Transmembrane protein 237

Molecular Mass

45526 Da

Amino Acid Count

408

Genomic Location

chr2:201,620,186-201,643,503

Gene Map Locus
2q33.1

Description

TMEM237 encodes a tetraspanin protein that is a component of the ciliary transition zone. This protein is believed to be involved in the regulation of the Wnt signaling pathway and in cilium assembly.  The protein has been shown to localize mainly to the ciliary transition zone, where it interacts with other proteins, such as NPHP4, TMEM216, B9D1 and B9D2. 
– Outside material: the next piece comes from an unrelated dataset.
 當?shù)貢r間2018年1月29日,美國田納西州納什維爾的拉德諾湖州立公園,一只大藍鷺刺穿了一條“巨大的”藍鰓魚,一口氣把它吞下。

Mutations in this gene result in Joubert Syndrome 14 (JBTS14), a rare autosomal recessive ciliopathy characterized by cerebellar ataxia, oculomotor apraxia, hypotonia, breathing difficulties, abnormal eye and tongue movements, intellectual disability, and brain anomalies.
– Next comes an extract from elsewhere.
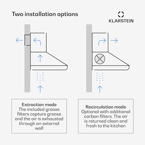 - ENVIRONMENTALLY FRIENDLY WALL MOUNTED EXTRACTOR FAN: This cooker hood is designed with you and the environment in mind. All Klarstein extractor hood fans come with energy efficiency class A while maintaining a high level of hygiene and performance.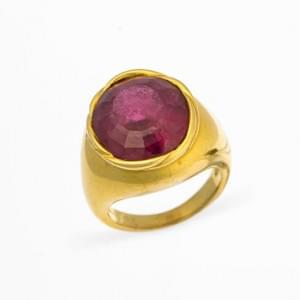 446. Bague chevalière sertie d'une tourmaline rose ovale (env 8 ct)

Epidemiology in the Arab World

View Map
Variant NameCountryGenomic LocationClinvar Clinical SignificanceCTGA Clinical Significance Condition(s)HGVS ExpressionsdbSNPClinvar
NM_001044385.3:c.977_978delUnited Arab EmiratesNC_000002.12:g.201627380_201627381delLikely PathogenicJoubert Syndrome 14NG_032049.1:g.21149_21150del; NM_001044385.3:c.977_978del; NP_001037850.1:p.Gln326ProfsTer5

Other Reports

Saudi Arabia

Shaheen et al. (2013) reported on the underlying gene defects affecting Meckel-Gruber syndrome (MKS) patients from 18 consanguineous Saudi families.  Individuals were diagnosed with MKS based on the presence of occipital encephalocele as well as any combination of liver fibrosis, cleft palate, dysplastic kidneys, polydactyly and early lethality.  DNA from both affected and healthy members was obtained and an autozygome guided mutation analysis of known MKS genes was carried out.  When this did not uncover any mutations in some families, an exome sequencing was performed.  Exomes were then searched for compound heterozygous mutations in known MKS genes.  Failing that, all detected variants were filtered for homozygous novel changes within the autozygome. This approach helped detect a novel homozygous mutation in the TMEM237 gene (c.869+1G>A) that abolished a consensus donor site in one of the families.  This mutation resulted in exon skipping which was confirmed by RT-PCR.  An in-frame deletion of >60 amino acids was predicted (p.Met227_Arg291del).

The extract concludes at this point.